§ **Problem statement**
Each record must be written out again exactly. Skip any picture it contains.

§ **Supplied material**
========

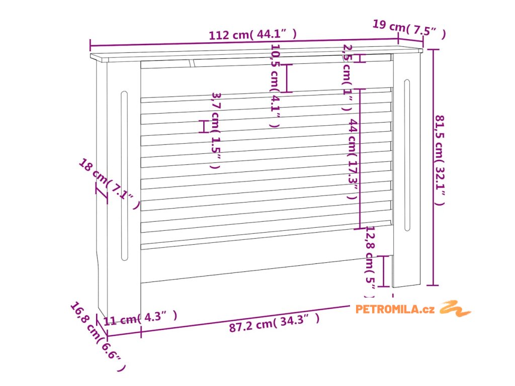 Kryt na radiátor antracitový 112 x 19 x 81,5 cm MDF
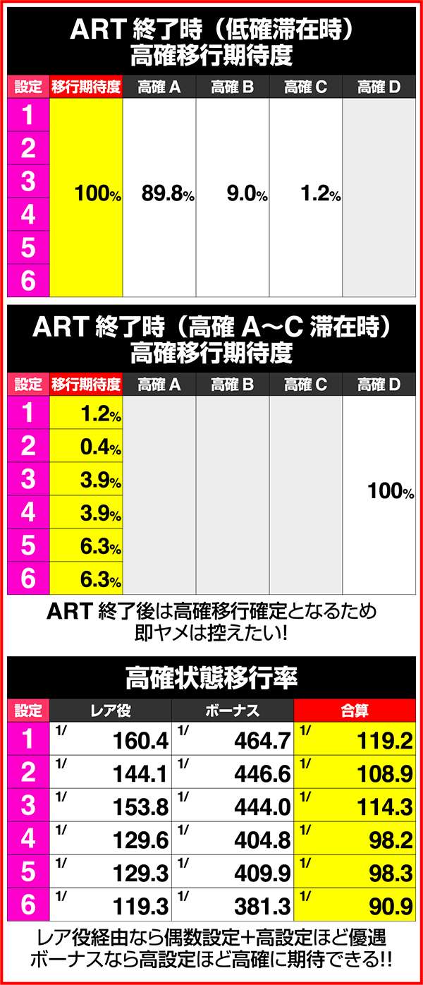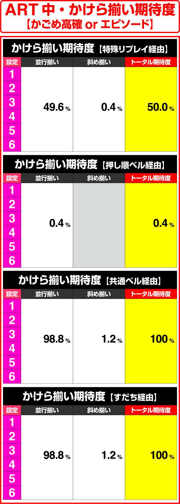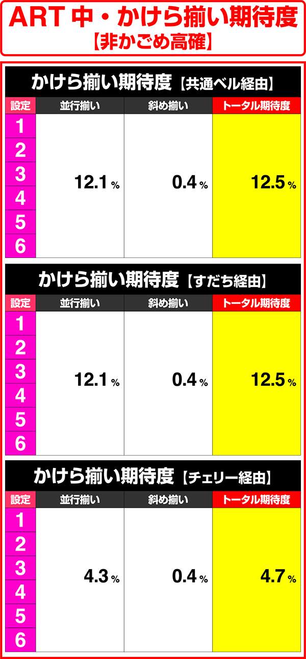 ART中の非かごめ高確中はチャンス目経由のかけら揃いがなく、ボーナス重複時のレア役のみかけら揃い期待度が高い。非かごめ高確中のかけら揃い確率は低いが、設定1と設定6で大きな設定差がある。
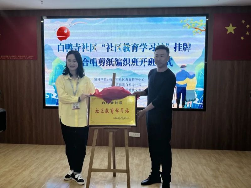 现场,枝江市职业教育中心党委副书记、校长、市社区教育中心总牵头人黄兆双为白鸭寺社区教育学习站授牌,白鸭寺社区党委书记、居委会主任柳王洪为志愿者教师颁发聘书。
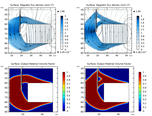 In the Model Builder window, expand the Results>Topology Optimization node, then click Results>Magnetic Flux Density Norm (mf2).
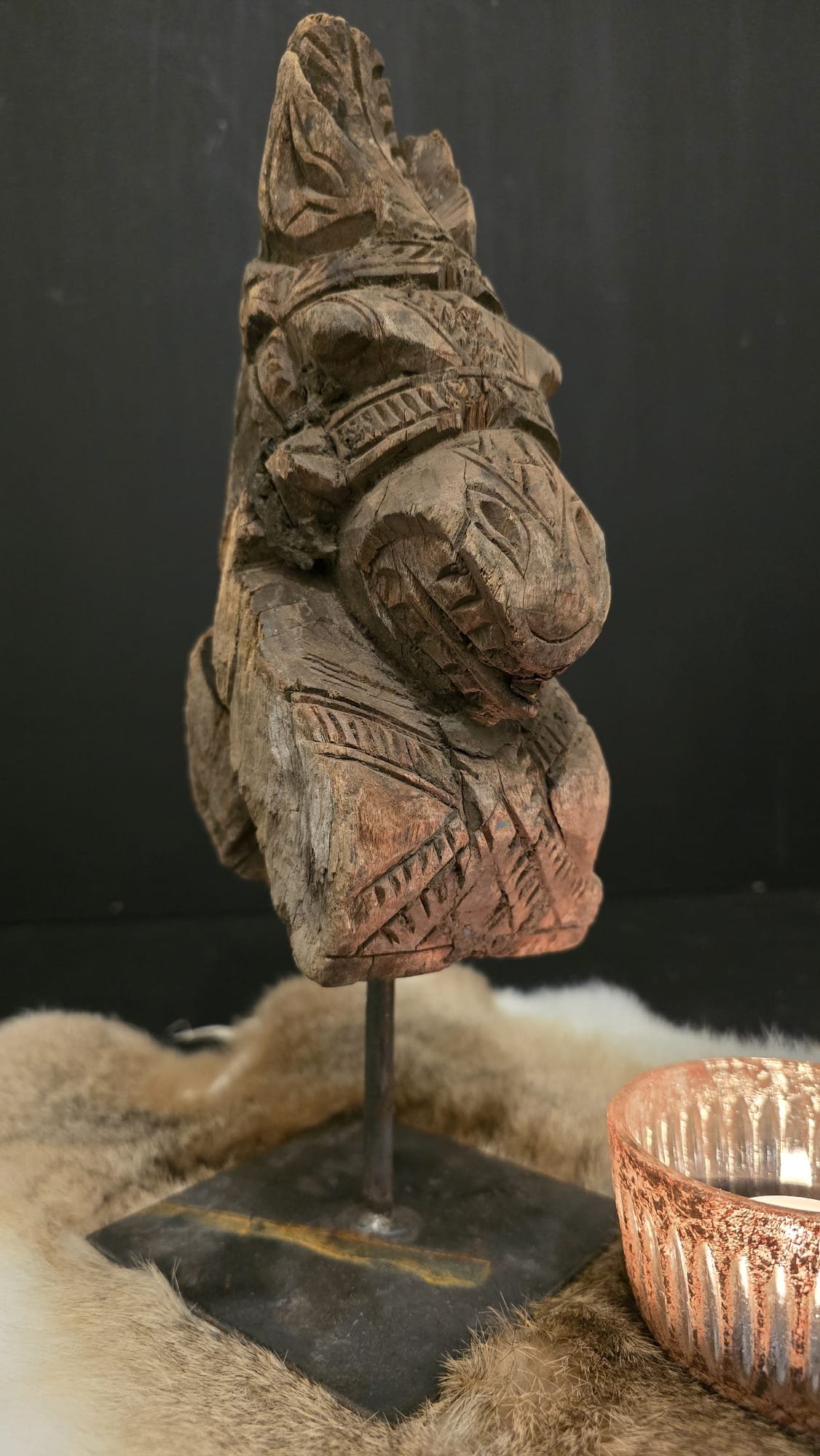 Houten Marawi Paard op Standaard – Tijdloze Elegantie voor Elk Interieur
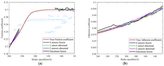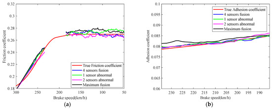 The speed fusion errors and parameter identification errors are shown in Table 6. It can be seen from the table that the speed fusion error, identification errors of the friction coefficient, and the adhesion coefficient of the proposed method are ±1.4364%, ±2.4967%, and ±1.6733%, respectively. The speed fusion error, identification errors of the friction coefficient, and the adhesion coefficient of the maximum fusion are ±2.3751%, ±2.4989%, and ±1.7875%, respectively. Even for the maximum fusion data with large errors, the braking performance of the brake disc and the real-time wheel-rail adhesion state can be more effectively and accurately obtained.
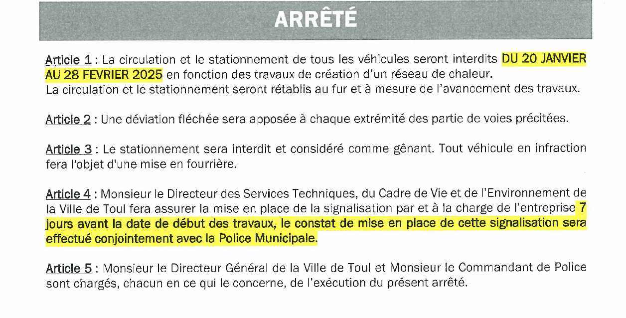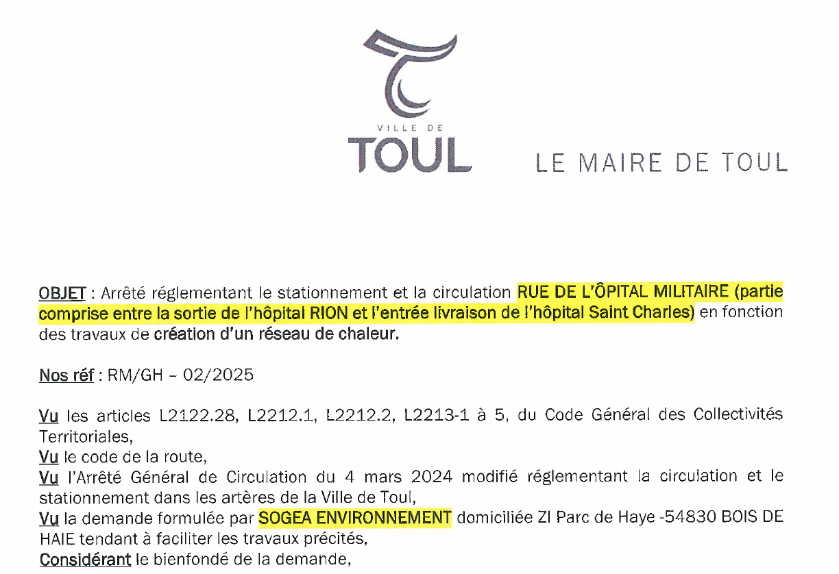 TOUL - Travaux Rue de l'Hôpital Militaire - Entre l'Hôpital Rion et l'entrée Livraison de l'Hôpital St Charles - Du 20/01/2025 au 28/02/2025
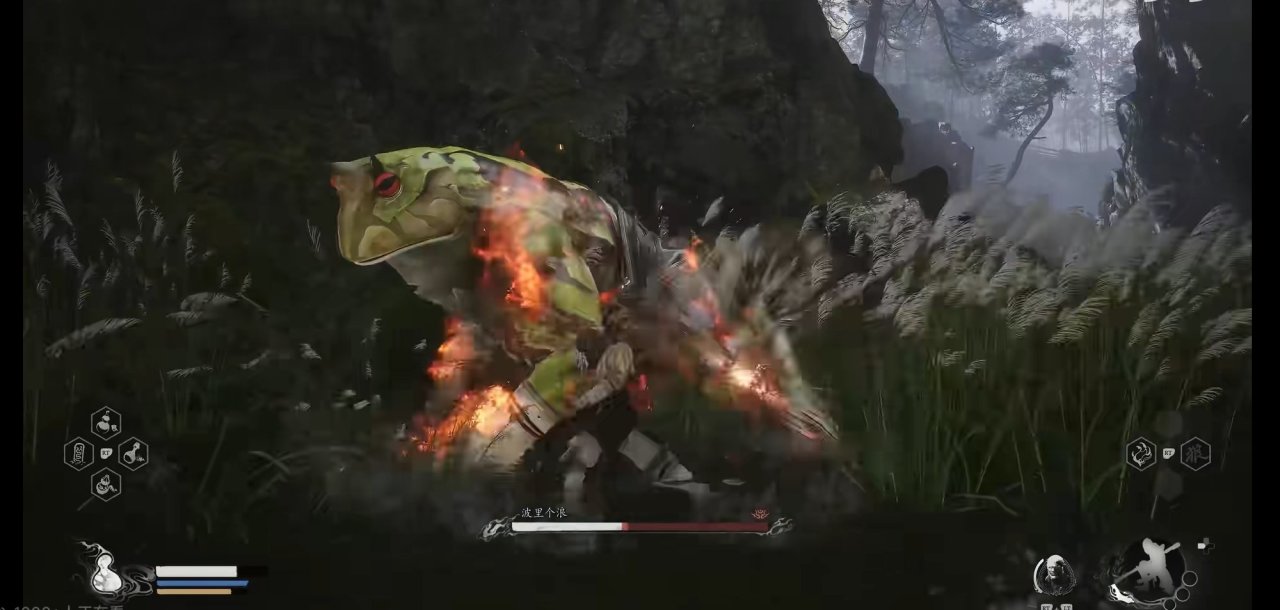 有许多人都是打了广谋才去打的这只大蛤蟆,但其实先打了这只boss再打广谋才是最优解,这样就不需要再回来探路了,至于问怎么打,呃,躲掉大攻击硬着头打下去都行,因为这只蛤蟆伤害不高,攻击前摇大,躲过了伤害大的攻击后其余的伤害只能说微乎其微,当然也能绕圈蓄力来打,总之就是很好大的意思了。
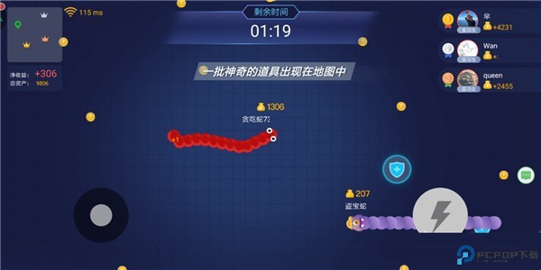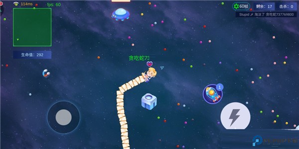 1.控制摇杆走位你的小蛇,吃掉地图上彩色的小圆点,就会变长。
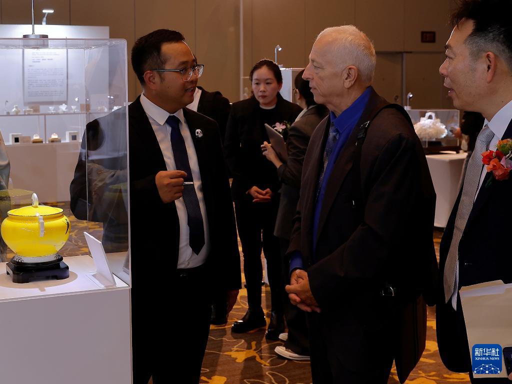 11月21日,在美国洛杉矶举行的“中国白·德化瓷”国际巡展上,福建省德化县县委书记方俊钦向观众介绍展品。新华社发(邱晨 摄)
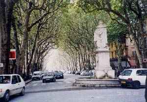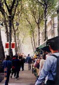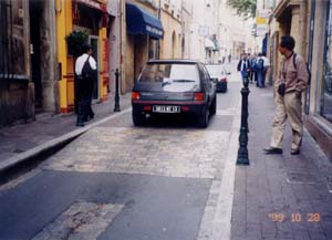 | 街の顔が出来ているため、街を理解するのが非常に簡単になり、訪れた人が自由に、安心して散策できることになる。 巨木に覆われた道路景観は、雪の多い山形では、なかなか味わえない、楽しい雰囲気が満ちていた。(写真3・4・5) ![]() 写真4 プラタナスの並木道と噴水 ![]() 写真5 片側2列のプラタナスの並木道 また、この日はたまたま街路樹の剪定場面に遭遇した。太い枝から無駄に上に伸びた細い枝だけを剪定し、その傍らで機械を使い、チップにして処理していた。日本によく見られる鉛筆みたいな剪定ではないので、次の年もボリューム感のある緑を楽しむことができる。道路の落ち葉の処理の維持管理を考慮して、落葉の間近いこの次期に剪定しているのであろうか。(写真6・7) ○巨大ハンプ 高さ25p、スロープ3.5m、天端2mの巨大ハンプ。勾配が思ったほど急ではないこと、天端の幅が比較的大きいことにより、運転者に与えるプレッシャーが見た目ほどでないためか、自動車の減速の割合がさほどでないような気がした。 |
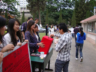申请得到了多方部门的批准及热心帮助。4月19日,一场名为“祈福——今天我们都是玉树人”的爱心募捐活动与昆师路校区正式发动。活动一开始便得到广大师生热情响应。场面十分热闹,募捐箱前更是来往不绝,大家纷纷慷慨解囊,以表示对玉树同胞的关怀和爱心。

========

§ **Your response**
 Kryt na radiátor antracitový 112 x 19 x 81,5 cm MDF
 ART中の非かごめ高確中はチャンス目経由のかけら揃いがなく、ボーナス重複時のレア役のみかけら揃い期待度が高い。非かごめ高確中のかけら揃い確率は低いが、設定1と設定6で大きな設定差がある。
 现场,枝江市职业教育中心党委副书记、校长、市社区教育中心总牵头人黄兆双为白鸭寺社区教育学习站授牌,白鸭寺社区党委书记、居委会主任柳王洪为志愿者教师颁发聘书。
 In the Model Builder window, expand the Results>Topology Optimization node, then click Results>Magnetic Flux Density Norm (mf2).
 Houten Marawi Paard op Standaard – Tijdloze Elegantie voor Elk Interieur
 The speed fusion errors and parameter identification errors are shown in Table 6. It can be seen from the table that the speed fusion error, identification errors of the friction coefficient, and the adhesion coefficient of the proposed method are ±1.4364%, ±2.4967%, and ±1.6733%, respectively. The speed fusion error, identification errors of the friction coefficient, and the adhesion coefficient of the maximum fusion are ±2.3751%, ±2.4989%, and ±1.7875%, respectively. Even for the maximum fusion data with large errors, the braking performance of the brake disc and the real-time wheel-rail adhesion state can be more effectively and accurately obtained.
 TOUL - Travaux Rue de l'Hôpital Militaire - Entre l'Hôpital Rion et l'entrée Livraison de l'Hôpital St Charles - Du 20/01/2025 au 28/02/2025
 有许多人都是打了广谋才去打的这只大蛤蟆,但其实先打了这只boss再打广谋才是最优解,这样就不需要再回来探路了,至于问怎么打,呃,躲掉大攻击硬着头打下去都行,因为这只蛤蟆伤害不高,攻击前摇大,躲过了伤害大的攻击后其余的伤害只能说微乎其微,当然也能绕圈蓄力来打,总之就是很好大的意思了。
 1.控制摇杆走位你的小蛇,吃掉地图上彩色的小圆点,就会变长。
 11月21日,在美国洛杉矶举行的“中国白·德化瓷”国际巡展上,福建省德化县县委书记方俊钦向观众介绍展品。新华社发(邱晨 摄)
 | 街の顔が出来ているため、街を理解するのが非常に簡単になり、訪れた人が自由に、安心して散策できることになる。 巨木に覆われた道路景観は、雪の多い山形では、なかなか味わえない、楽しい雰囲気が満ちていた。(写真3・4・5) ![]() 写真4 プラタナスの並木道と噴水 ![]() 写真5 片側2列のプラタナスの並木道 また、この日はたまたま街路樹の剪定場面に遭遇した。太い枝から無駄に上に伸びた細い枝だけを剪定し、その傍らで機械を使い、チップにして処理していた。日本によく見られる鉛筆みたいな剪定ではないので、次の年もボリューム感のある緑を楽しむことができる。道路の落ち葉の処理の維持管理を考慮して、落葉の間近いこの次期に剪定しているのであろうか。(写真6・7) ○巨大ハンプ 高さ25p、スロープ3.5m、天端2mの巨大ハンプ。勾配が思ったほど急ではないこと、天端の幅が比較的大きいことにより、運転者に与えるプレッシャーが見た目ほどでないためか、自動車の減速の割合がさほどでないような気がした。 |
申请得到了多方部门的批准及热心帮助。4月19日,一场名为“祈福——今天我们都是玉树人”的爱心募捐活动与昆师路校区正式发动。活动一开始便得到广大师生热情响应。场面十分热闹,募捐箱前更是来往不绝,大家纷纷慷慨解囊,以表示对玉树同胞的关怀和爱心。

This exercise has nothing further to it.